Cliff Notes

Cliff Notes

Cliff Adelman passed away last week. To the uninitiated, Cliff was arguably the best data analyst on student issues that this world has ever seen. This is not an overstatement nor hyperbole. I’ve met most of them around the world at some point and he was leaps above any of them. If you don’t know Cliff, you know his data. His work was that omnipresent in the education arena.

Cliff was important to many of us data wonks. More than anything, he taught me what stories could be told from a bag full of data. He played Jeopardy with data (literally). He spoke of the “toolbox” and how students “swirled” and how business falsely used the BA as a filter, something I talk about to this day.
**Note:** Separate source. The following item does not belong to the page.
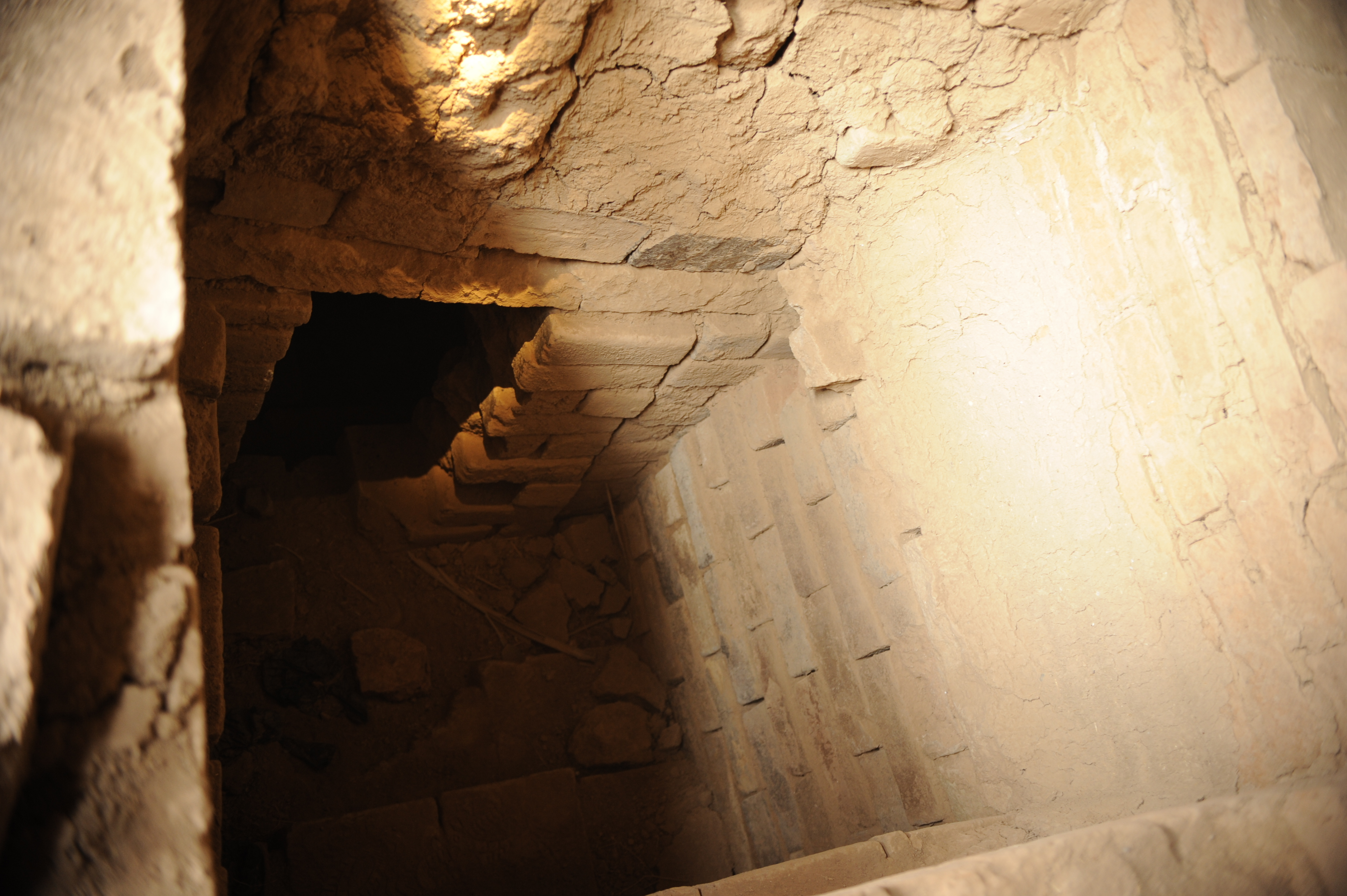 The entrance to a queen's tomb in what once was the Northwest palace in the ancient city of Calah, which is now known as Nimrud, Iraq, Nov. 19. Nimrud is in consideration by United Nations Educational, Scientific, and Cultural Organization to become a protected World Heritage site. UNESCO works to create the conditions for genuine dialogue based upon respect for shared values and the dignity of each civilization and culture.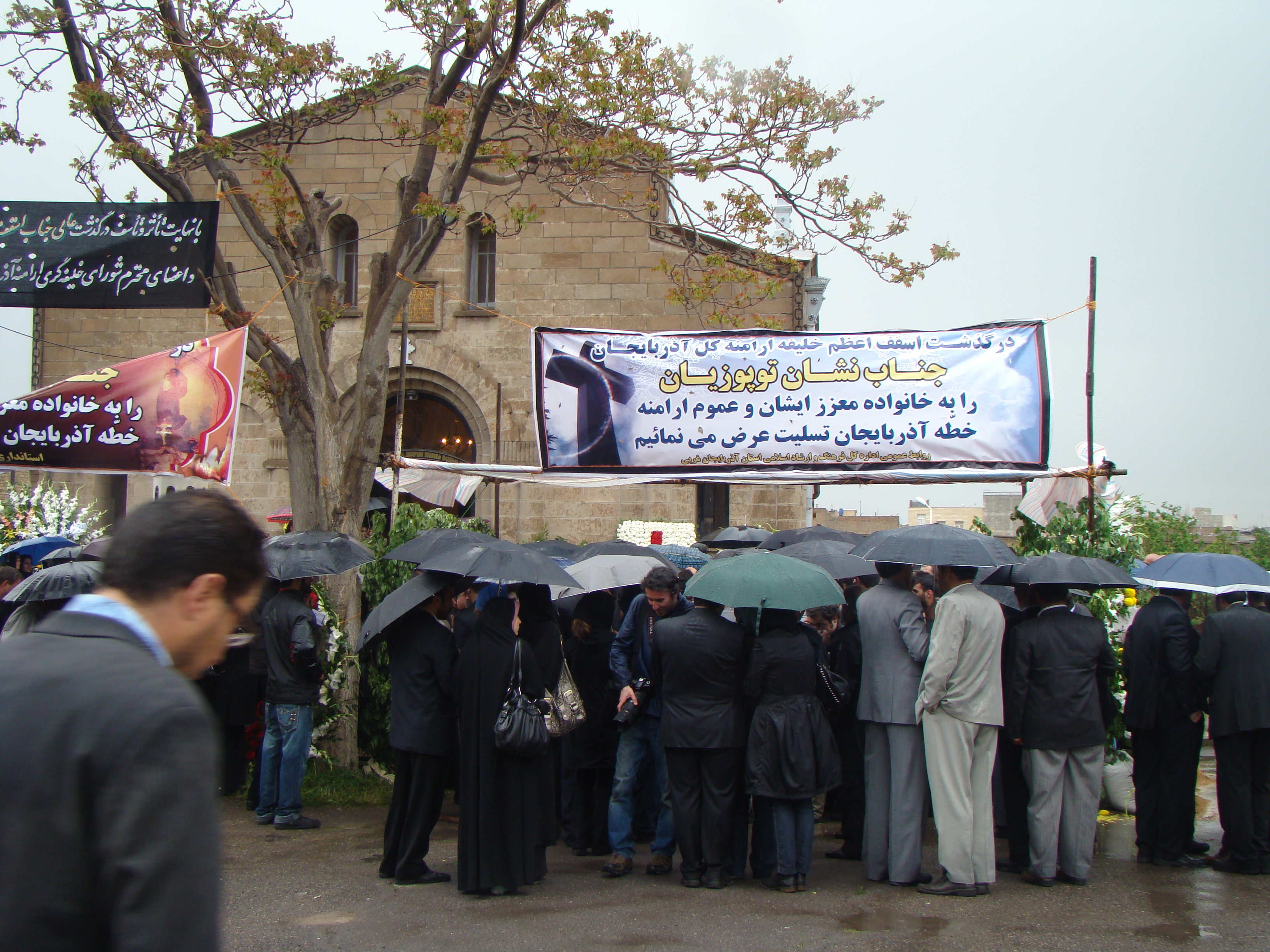 Interment of Mr,Neshan Topoziyan - Tabriz

What separated Cliff from everyone else was his devotion to the data. He knew “the data,” of course. Perhaps he knew data more than some people. I’m not sure. I spent time with Cliff at countless conferences and meetings, and after a few beverages, he would be head back to his room and run more numbers for the next day. As others knew greatly, he was difficult to argue with—even if you were pretty sure you were right—because he had such a command with the data that you figured he had something on you. And he was confident, which totally made you feel you were doomed. Cliff and I were pretty much always on the same side of the argument, so it was never an issue that I can remember between us. He was on the students’ side. Cliff used data to tell stories of students in a hope to influence public policy and the “business” of higher education. In “Answers in the Tool Box,” his thematic piece from 1999 using data from the High School and Beyond (HS&B) database, he let us know that what mattered most with regard to higher education access and success, more than anything else, was the rigor of prior learning: enrolling and excelling in the most challenging courses during high school paved the way to future success, regardless of race/ethnicity or income. That was something that might have been inferred before, but these data, based on transcript data that he fought long and hard for at ED, told us definitively.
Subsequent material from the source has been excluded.